He took his hands from his pockets and dropped into a chair. Evidently this was the Koven personal living room, from the way it was furnished, and it looked fairly livable.

He spoke. “I was standing at the window thinking.”

“Yeah. Any luck?”

He sighed and stretched his legs out. “Fame and fortune,” he said, “are not all a man needs for happiness.”

I sat down. Obviously the only alternatives were to wrangle him into it or call it off.

“What else would you suggest?” I asked brightly.

He undertook to tell me. He went on and on, but I won’t report it verbatim because I doubt if it contained any helpful hints for you — I know it didn’t for me. I grunted from time to time to be polite. I listened to him for a while and then got a little relief by listening to the soap opera on the radio, which was muffled some by the closed door but by no means inaudible. Eventually, of course, he got around to his wife, first briefing me by explaining that she was his third and they had been married only two years. To my surprise he didn’t tear her apart. He said she was wonderful. His point was that even when you added to fame and fortune the companionship of a beloved and loving wife who was fourteen years younger than you, that still wasn’t all you needed for happiness.

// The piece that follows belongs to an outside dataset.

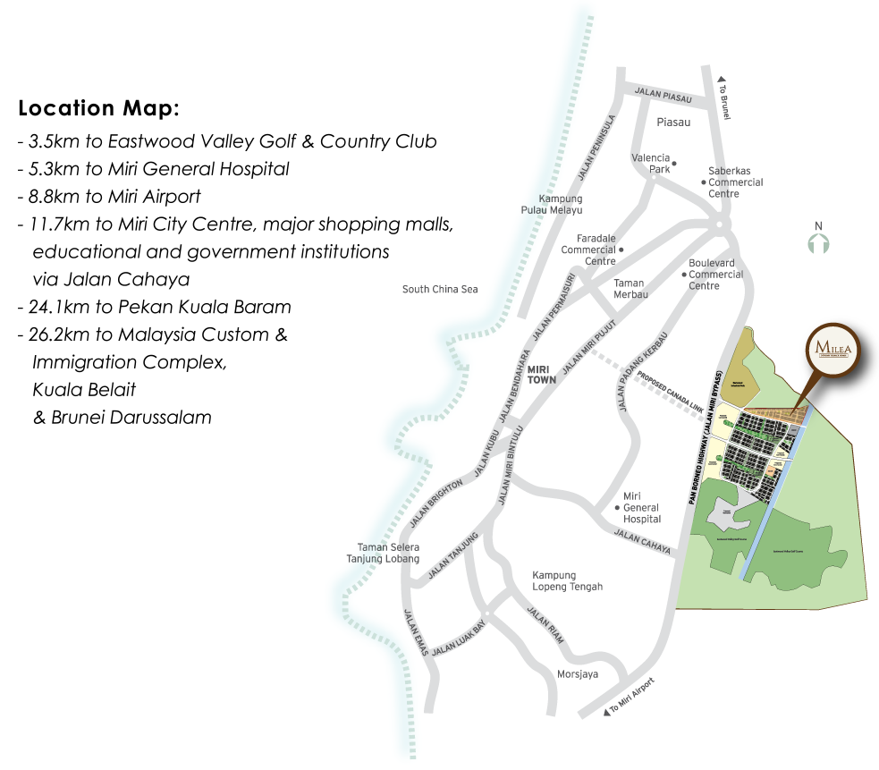 Milea Residences, an 89-acre development is located within the ParkCity Eastwood master-planned development. The project is strategically located at Miri East within a Gated & Guarded community which is approximately 7km to Miri Airport and approximately 8km to Miri City Centre. Moreover, this master plan is connected directly to Pan Borneo Highway, which links Sabah and Sarawak to Brunei.

There was one interruption — a knock on the door and the appearance of Byram Hildebrand. He had come to show the revise on the third frame of Number 728. They discussed art some, and Koven okayed the revise, and Hildebrand departed. I hoped that the intermission had sidetracked Koven, but no; he took up again where he had left off.

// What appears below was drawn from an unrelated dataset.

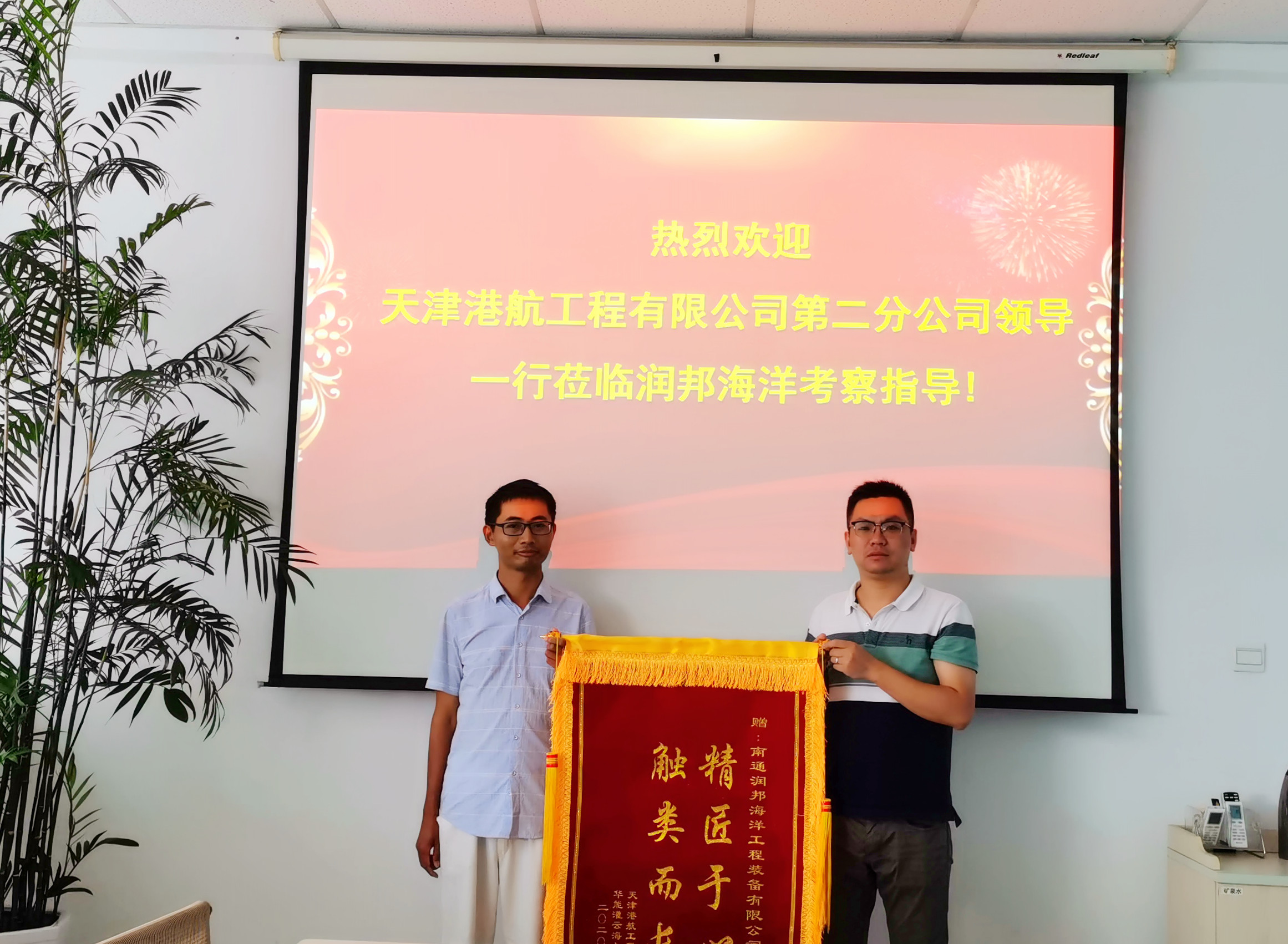 2020年9月16日,天津港航工程有限公司第二分公司領導蒞臨潤邦海洋,為答謝潤邦海洋在雙方合作海上風電項目上的突出表現,將“精匠于心、觸類而長”的榮譽錦旗送到公司副總經理方如意先生手中。公司領導熱情接待了天津港航客人,公司與天津港航通過多年的合作,雙方建立了友好的戰略伙伴關系。

I can take a lot when I’m working on a case, even a kindergarten problem like that one, but finally, after the twentieth sidewise glance at my wrist, I called a halt.

“Look,” I said, “this has given me a new slant on life entirely, and don’t think I don’t appreciate it, but it’s a quarter past four and it’s getting dark. I would call it late afternoon. What do you say we go ahead with our act?”